First Horizon (FHN) Rule 144 Notice: 100K Shares Proposed Sale
Rhea-AI Filing Summary
Form 144 notice for First Horizon Corporation (FHN) shows a proposed sale of 100,000 common shares through Raymond James & Associates on 08/22/2025, with an aggregate market value of $2,244,514.05 and 507,747,624 shares outstanding. The filing lists the securities as previously acquired as restricted stock across multiple grant dates from 02/14/2015 to 05/12/2021, totaling recorded lots (e.g., 3,447; 15,316; 9,989; 6,242; 15,520; 18,267; 12,764; 11,979). It also discloses recent sales by David T. Popwell on 07/22/2025 totaling 38,010 shares for gross proceeds of $843,834.52. The filer certifies no undisclosed material adverse information.
Positive
- Full disclosure of proposed sale including broker, date, share count, and market value
- Origin of shares documented (restricted stock grant dates from 2015–2021), supporting transparency
Negative
- Insider selling activity (100,000 proposed shares and 38,010 recently sold) which may be perceived negatively by some investors
- No trading plan date disclosed in the remarks that would indicate scheduled liquidity rather than opportunistic selling
Insights
TL;DR: Insider plans to sell 100,000 shares (~$2.24M) after prior disposals, likely routine Rule 144 liquidity management.

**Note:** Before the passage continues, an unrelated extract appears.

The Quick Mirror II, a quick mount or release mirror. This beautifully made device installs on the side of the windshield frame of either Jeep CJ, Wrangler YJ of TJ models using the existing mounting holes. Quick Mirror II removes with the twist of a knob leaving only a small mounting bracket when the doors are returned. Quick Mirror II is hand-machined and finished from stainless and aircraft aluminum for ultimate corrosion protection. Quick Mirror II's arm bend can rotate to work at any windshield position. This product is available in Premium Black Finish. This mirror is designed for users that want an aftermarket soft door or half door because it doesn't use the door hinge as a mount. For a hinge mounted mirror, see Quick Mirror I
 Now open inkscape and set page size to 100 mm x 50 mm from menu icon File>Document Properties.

The filing documents a proposed Rule 144 sale of 100,000 common shares with an aggregate value of $2.24M via Raymond James on 08/22/2025. The shares originated from multiple restricted stock grants between 2015 and 2021, indicating long-held compensation rather than recent acquisitions. Recent open-market sales by David T. Popwell on 07/22/2025 totaled 38,010 shares for $843,834.52, showing active disposition activity ahead of the proposed block. For investors, this is a disclosure of executive/insider selling under Rule 144 rather than a corporate operational update; absent other company disclosures, the information is procedural and liquidity-related.

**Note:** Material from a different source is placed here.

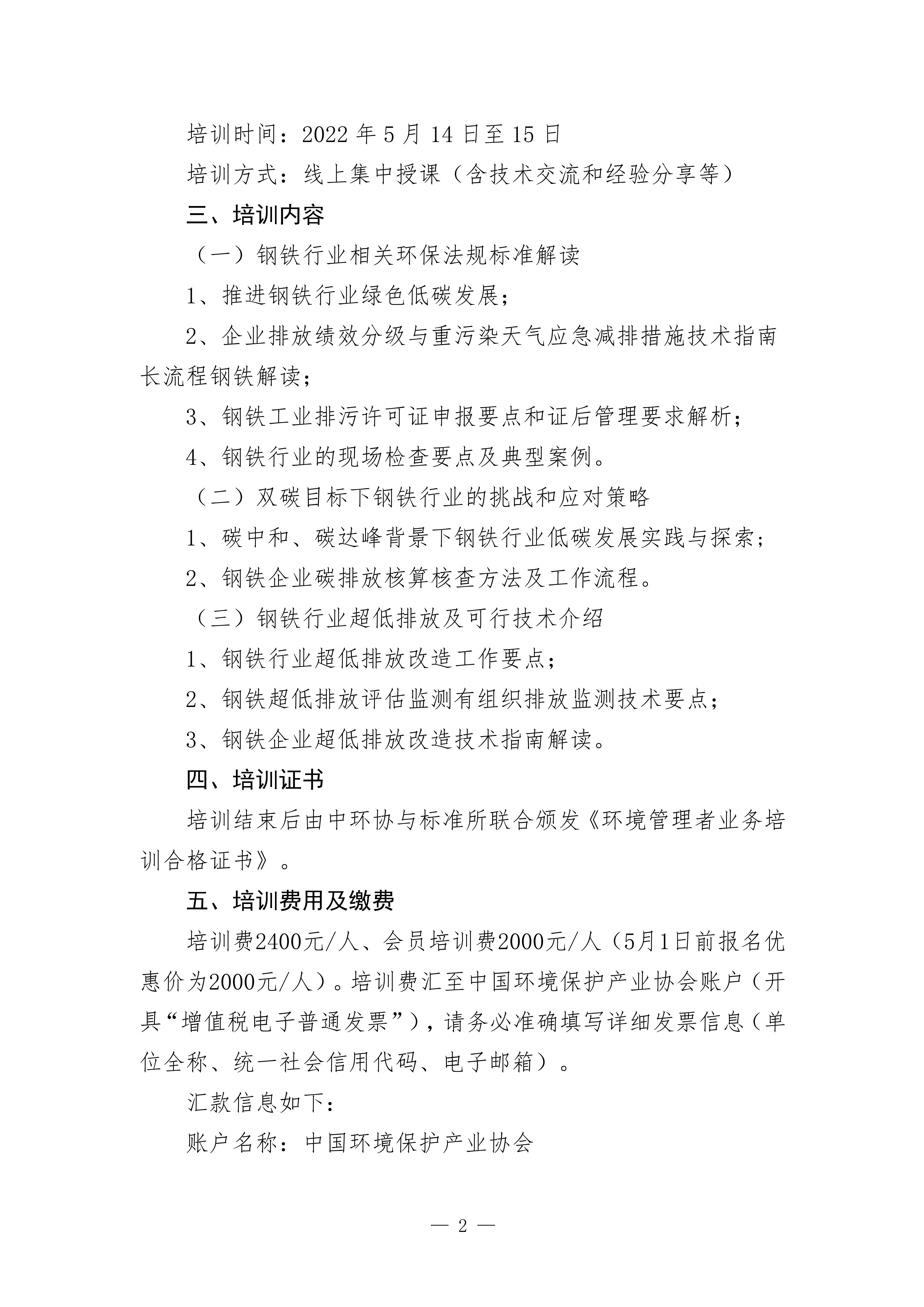關(guān)于舉辦2022年第一期鋼鐵行業(yè)環(huán)境管理能力建設培訓班的通知

TL;DR: Multiple past restricted grants being monetized; filing contains standard attestations and no unusual restrictions disclosed.

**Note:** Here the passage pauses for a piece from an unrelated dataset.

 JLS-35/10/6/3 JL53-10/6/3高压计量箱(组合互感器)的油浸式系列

The schedule of acquisitions shows restricted stock grants from 2015 through 2021 in modest lot sizes, consistent with compensation vesting. The notice includes the statutory representation that the seller is unaware of undisclosed material adverse information. No trading plan date or additional restrictions are provided in the remarks. This looks like routine compliance with Rule 144 for an insider sale and does not by itself indicate governance concerns, though continued or large-scale selling could be monitored.